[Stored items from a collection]
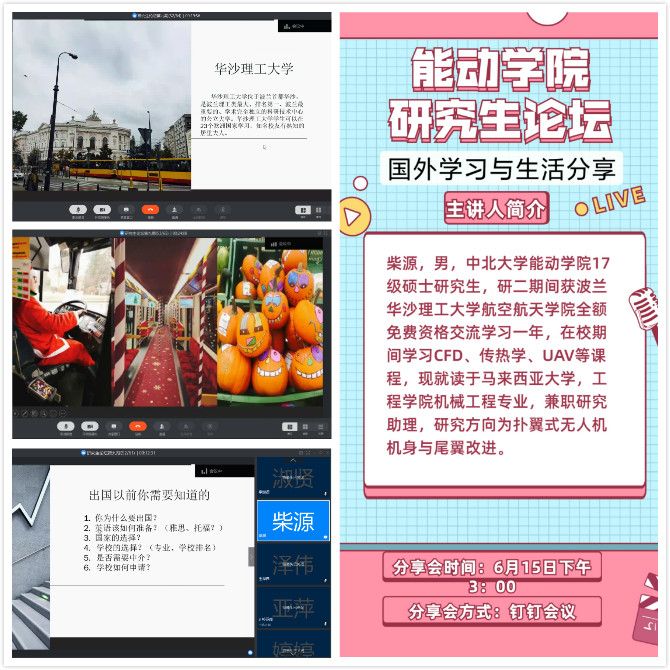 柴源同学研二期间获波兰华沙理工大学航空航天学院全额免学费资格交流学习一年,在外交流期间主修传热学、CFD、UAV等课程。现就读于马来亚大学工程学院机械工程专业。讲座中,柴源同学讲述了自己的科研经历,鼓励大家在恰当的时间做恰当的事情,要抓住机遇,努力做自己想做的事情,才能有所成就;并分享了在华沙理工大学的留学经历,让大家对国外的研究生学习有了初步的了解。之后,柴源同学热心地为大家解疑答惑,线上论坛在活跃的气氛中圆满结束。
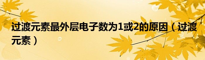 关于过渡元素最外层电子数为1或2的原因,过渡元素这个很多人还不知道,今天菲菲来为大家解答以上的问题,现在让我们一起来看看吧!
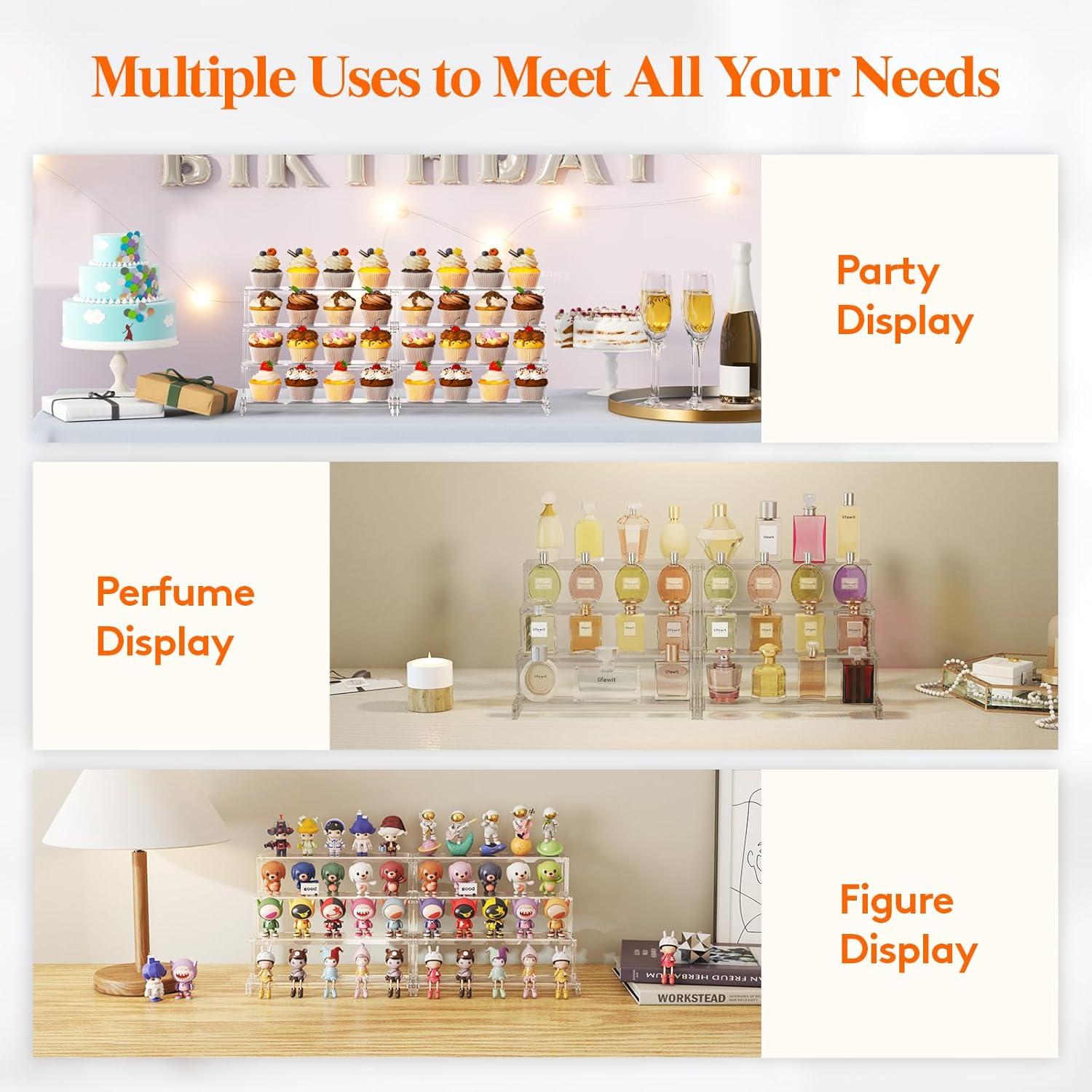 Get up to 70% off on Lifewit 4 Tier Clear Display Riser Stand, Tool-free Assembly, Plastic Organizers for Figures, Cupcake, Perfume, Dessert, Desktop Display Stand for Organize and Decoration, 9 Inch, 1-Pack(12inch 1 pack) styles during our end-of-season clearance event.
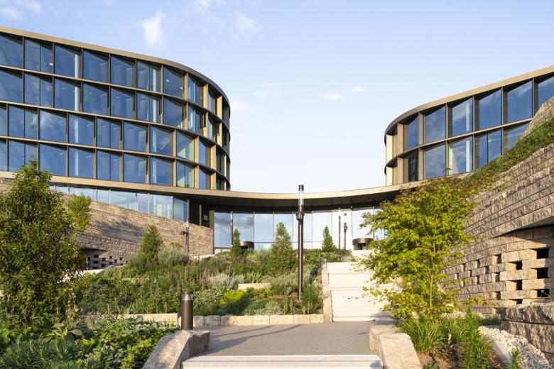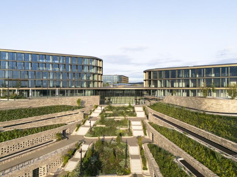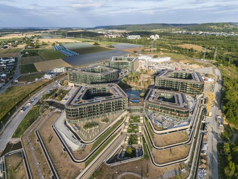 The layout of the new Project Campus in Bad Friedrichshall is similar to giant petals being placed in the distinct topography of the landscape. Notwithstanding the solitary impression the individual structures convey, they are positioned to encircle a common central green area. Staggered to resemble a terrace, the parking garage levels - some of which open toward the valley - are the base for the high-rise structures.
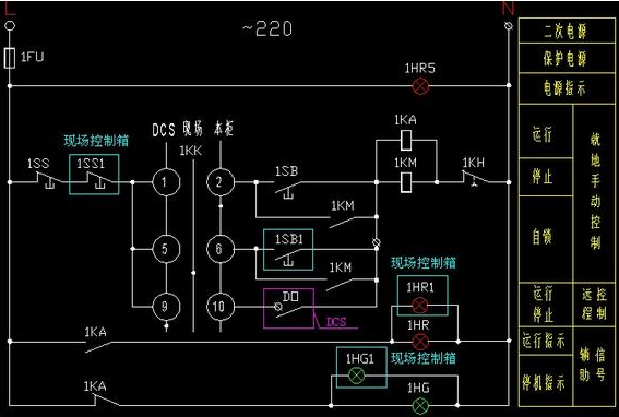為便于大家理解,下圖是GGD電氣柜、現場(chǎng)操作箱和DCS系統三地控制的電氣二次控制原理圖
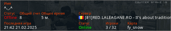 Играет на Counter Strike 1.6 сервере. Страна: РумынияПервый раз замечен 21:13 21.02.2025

WORK ITEM –
Exact copy, pictures excluded: print only the lines from the line containing "关于过渡元素最外层电子数为1" through the end of the records.

RESULT BELOW –
 关于过渡元素最外层电子数为1或2的原因,过渡元素这个很多人还不知道,今天菲菲来为大家解答以上的问题,现在让我们一起来看看吧!
 Get up to 70% off on Lifewit 4 Tier Clear Display Riser Stand, Tool-free Assembly, Plastic Organizers for Figures, Cupcake, Perfume, Dessert, Desktop Display Stand for Organize and Decoration, 9 Inch, 1-Pack(12inch 1 pack) styles during our end-of-season clearance event.
 The layout of the new Project Campus in Bad Friedrichshall is similar to giant petals being placed in the distinct topography of the landscape. Notwithstanding the solitary impression the individual structures convey, they are positioned to encircle a common central green area. Staggered to resemble a terrace, the parking garage levels - some of which open toward the valley - are the base for the high-rise structures.
為便于大家理解,下圖是GGD電氣柜、現場(chǎng)操作箱和DCS系統三地控制的電氣二次控制原理圖
 Играет на Counter Strike 1.6 сервере. Страна: РумынияПервый раз замечен 21:13 21.02.2025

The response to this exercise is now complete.